Leveraging the capabilities associated with deep learning, Deep Instinct provides instinctive protection on any device, platform, and operating system. Zero-day and APT attacks are immediately detected and blocked before any harm can happen to the enterprise’s endpoints, servers, and mobile devices.
“Deep Instinct relies on end-to-end deep learning for all its advanced malware detection and prevention capabilities. The deep neural network is trained on hundreds of millions of malicious and legitimate files. To handle such large-scale training, Deep Instinct developed its proprietary deep learning infrastructure directly on NVIDIA’s GPU machines,” said Eli.
“The powerful capabilities of NVIDIA GPUs enable us to perform our training at a substantially faster speed compared to CPUs: while training the Deep Instinct brain on NVIDIA’s GPUs takes a little over a single day of training, the same task on CPUs would take more than three months,” he added.
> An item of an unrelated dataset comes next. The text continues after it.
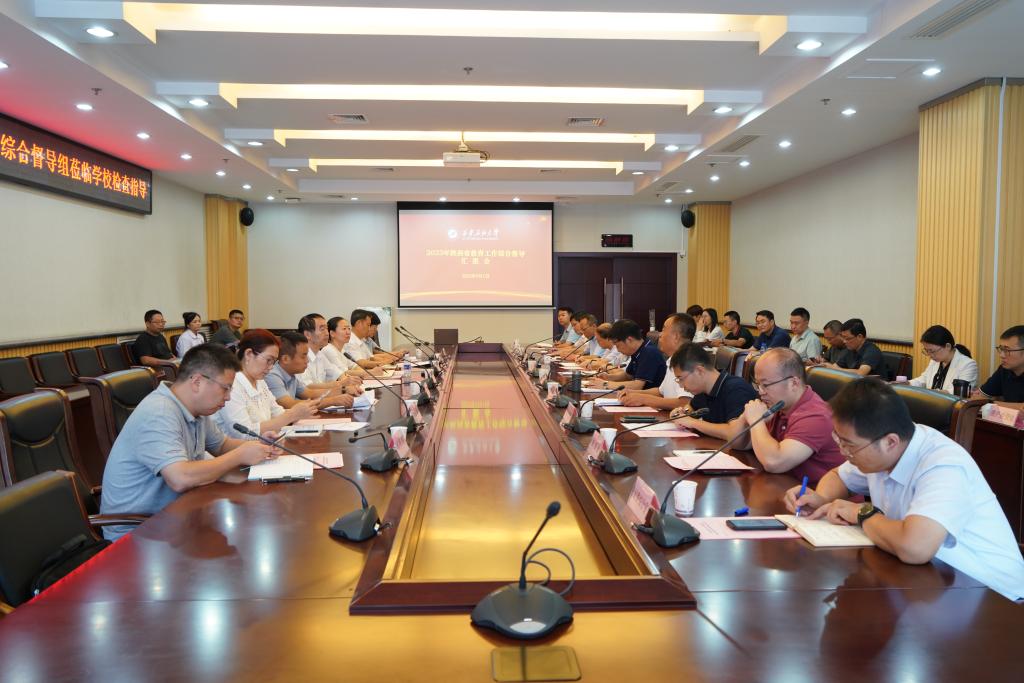 为全面贯彻落实习近平总书记关于教育的重要指示精神和2023年全省教育工作会议精神,深化学习贯彻习近平新时代中国特色社会主义思想主题教育成果,切实抓好党中央、国务院和省委、省政府相关教育政策及决策部署落地,高位推进委厅年度重点工作,9月1日上午,陕西省教育工作综合督导高校第二组组长、省教育厅二级巡视员孙全学一行7人来学校开展2023年教育工作综合督导。副校长苏文甫、程永清出席汇报会并陪同督导检查。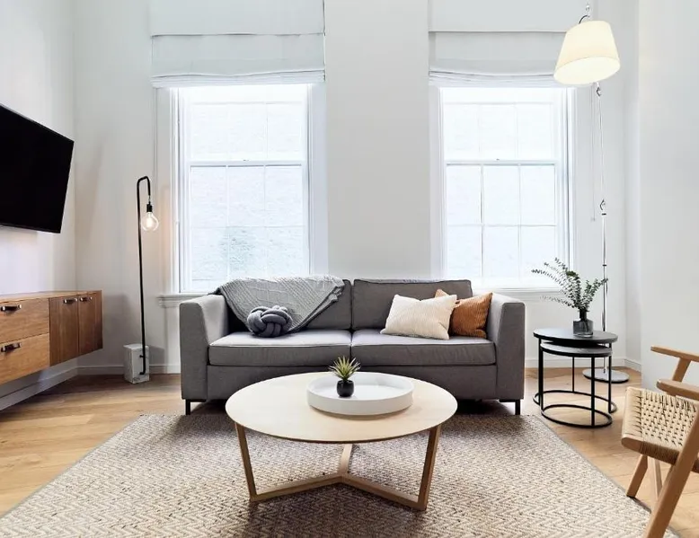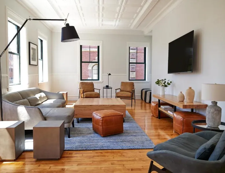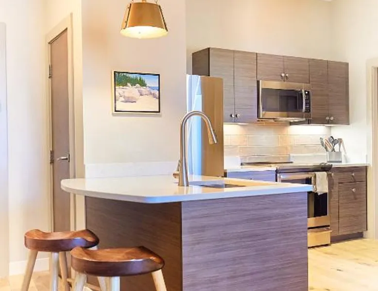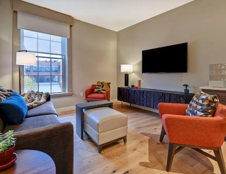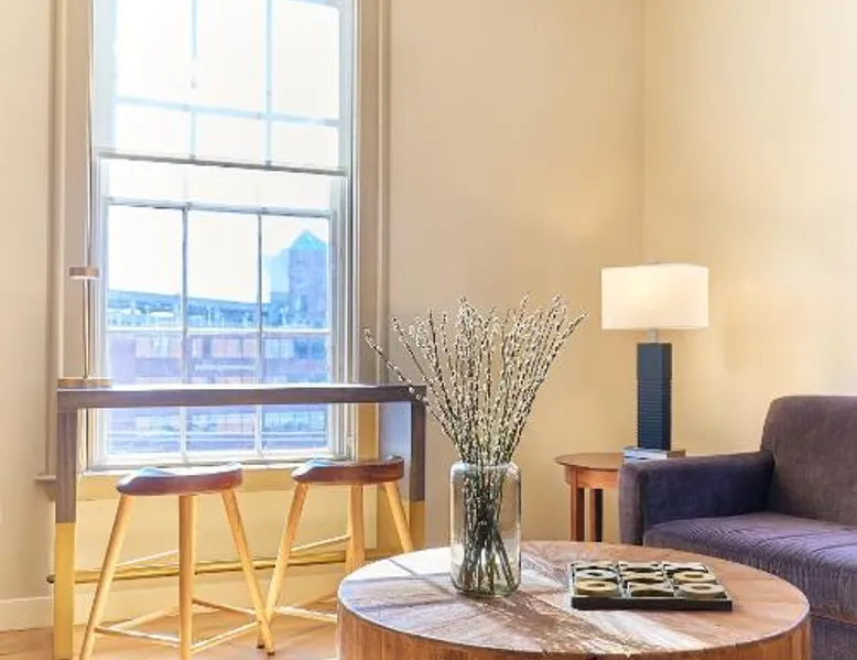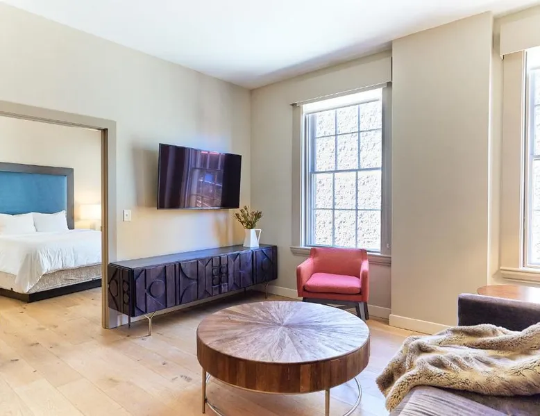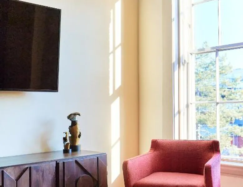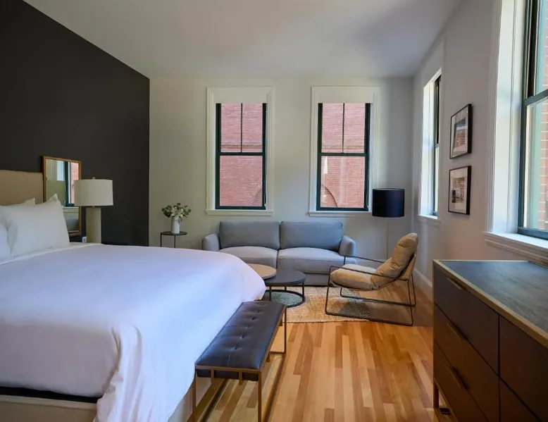 Historic Setting: The Docent's Collection in Portland offers a unique stay within a historic building. Guests enjoy free WiFi, air-conditioning, and private check-in and check-out services. Comfortable Accommodations: Rooms feature private bathrooms with walk-in showers, kitchen facilities, and modern amenities such as streaming services and soundproofing. Additional comforts include bathrobes, hypoallergenic bedding, and parquet floors. Convenient Location: Located 3.1 mi from Portland International Jetport, the aparthotel is near East End Beach (19-minute walk), Merrill Auditorium (1640 feet), and Portland Downtown Historic District (1312 feet). An ice-skating rink is also nearby. Guest Services: The property offers a 24-hour front desk, concierge service, and electric vehicle charging station. Paid on-site private parking is available. Highly rated for its convenient location and room comfort. This spacious apartment consists of 1 living room, 1 separate bedroom and 1 bathroom with a walk-in shower and free toiletries. The well-equipped kitchen has a stovetop, a refrigerator, a dishwasher and kitchenware. This wheelchair accessible apartment features air conditioning, a seating area with a flat-screen TV and a roll-in shower. The unit offers 2 beds.

“We are thrilled to be recognised by NVIDIA for what we believe is a groundbreaking application of GPUs. Being able to leverage powerful technological capabilities to apply deep learning to cybersecurity empowers enterprises with unprecedented, real-time protection from the next unexpected attack,” said Guy Caspi, Chief Executive Officer of Deep Instinct.
As a sign of its coming of age, the GPU Technology Conference (GTC) held annually in San Jose, California since 2009, is no longer a niche event but one that is drawing the who’s who of the technology industry.
NVIDIA’s shift of focus from being a visual computing company to an AI company has certainly played a big part in the expansion of the conference. It has attracted around 50 sponsors and 150 exhibitors on top of more than 7,000 participants.
However, it’s not the number of sponsors and exhibitors but rather the quality that is worthy of attention. The line-up of technology firms includes luminaries such as Adobe, Alibaba, Amazon, Autodesk, Cisco, Cray, Dell EMC, DreamWorks Animation, IBM Watson, Lenovo, Microsoft, Samsung Electronics, Verizon Labs, VMware, and Yahoo Research.
With AI being such a prime mover of autonomous vehicles, it is also not surprising that leading names in the automotive industry were also present — BMW Group, Chevron, ExxonMobil, Ford Motor Company, General Motors, Honda Research Institute, and Mercedes-Benz R&D North America.
Amid the various booths showcasing VR technologies was one by NASA Ames Research Center, which showed a VR demonstration on Mars.
Artificial intelligence (AI) is not new. In fact, it has so many false starts over the past 60 years. The term went into hibernation for a long time.
Research into AI began way back in Dartmouth College in 1956 and was constantly associated with being the next frontier in the 1980s when mainframe computers ruled and supercomputers were a ginormous investment that very few could afford.
Despite the research put in over the years, the technology never quite took off and fell flat in many instances.